[Source data]:
****

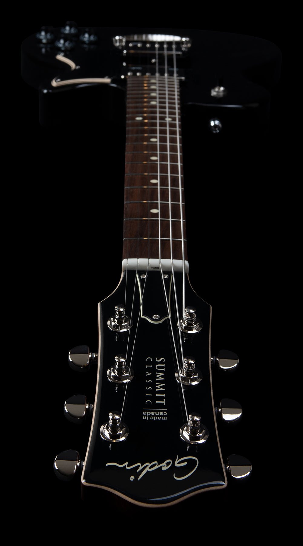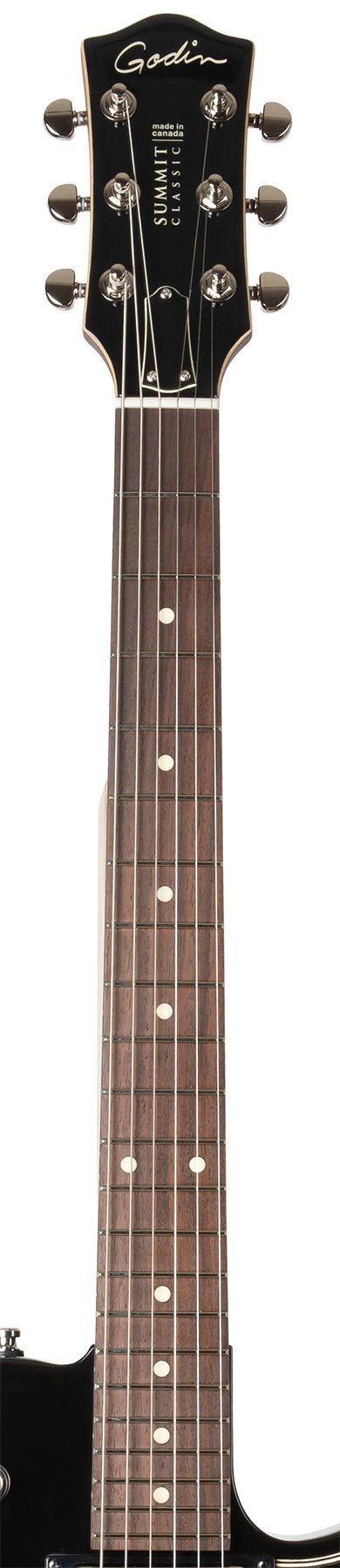 Le Summit Classic Black HG emballe à la fois l'écorce et le mordant avec des tons vifs et riches, grâce à son corps en tilleul laurentien canadien et ses humbuckers Godin Custom dans le cou et le chevalet. Une touche Ergocut Rosewood promet une expérience de jeu incroyablement confortable.
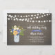 Celebre seu dia especial com este convite de na moda. Este design apresenta luzes de cordas, jarro de pedras e buquê de flores com um fundo de madeira rústico. Você pode personalizar o texto para qualquer idade ou eventos.
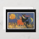 Halloween Black Cat and Witch Postcard
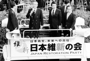 12月4日,在日本大阪的梅田街头,“日本维新会”党首石原慎太郎(左二)发表演讲,为该党在众议院选举中造势。
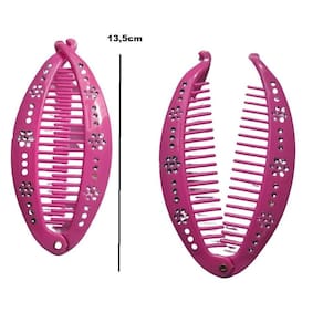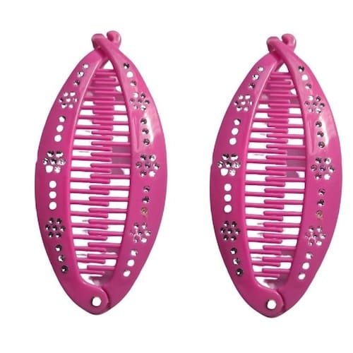 Contém: 2 unidades presilha de cabelo Rosa estilo banana pente com strass
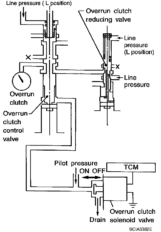 When the solenoid valve is ON, pilot pressure is applied to the overrun clutch control valve. This pushes up the overrun clutch control valve. The line pressure is then shut off so that the clutch does not engage.
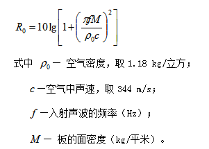 ① 勻質(zhì)單層板聲波垂直入射時(shí)隔聲量(dB)理論計(jì)算公式:
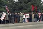 Albanian-Americans demonstrators protesting the exclusion of Kosovo Albanians from negotiations outside Wright-Patterson Air Force Base in Dayton, Ohio during the Dayton Peace talks.
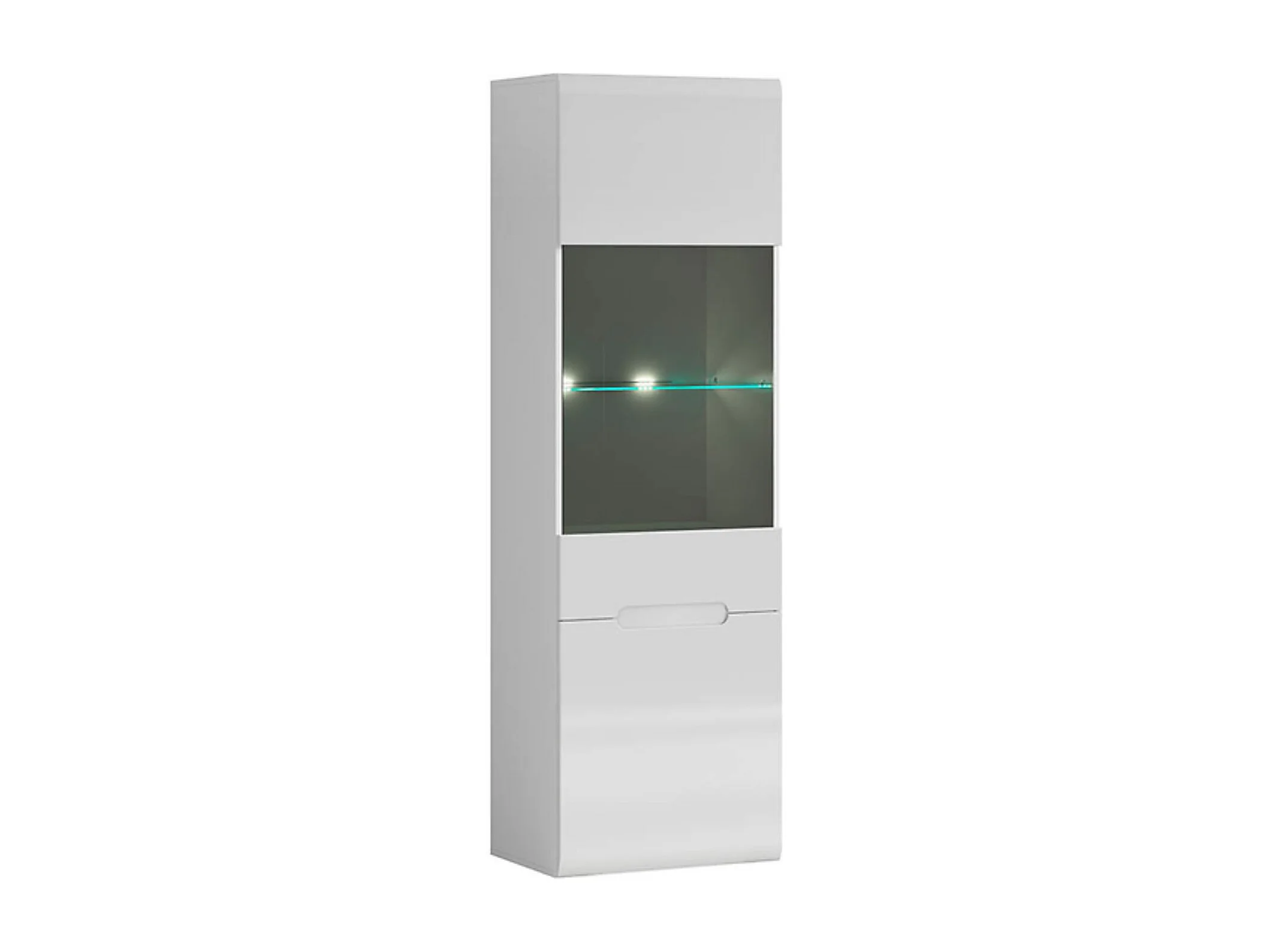 Vitrine haute à 2 portes avec éclairage LED, coloris Blanc/Blanc haute brillance - Longueur 60 x Profondeur 41 x Hauteur 193 cm

****

The response should be the lines from the one containing "① 勻質(zhì)單層板聲波" through the final line of the records, reproduced exactly and with every picture left out.

 ① 勻質(zhì)單層板聲波垂直入射時(shí)隔聲量(dB)理論計(jì)算公式:
 Albanian-Americans demonstrators protesting the exclusion of Kosovo Albanians from negotiations outside Wright-Patterson Air Force Base in Dayton, Ohio during the Dayton Peace talks.
 Vitrine haute à 2 portes avec éclairage LED, coloris Blanc/Blanc haute brillance - Longueur 60 x Profondeur 41 x Hauteur 193 cm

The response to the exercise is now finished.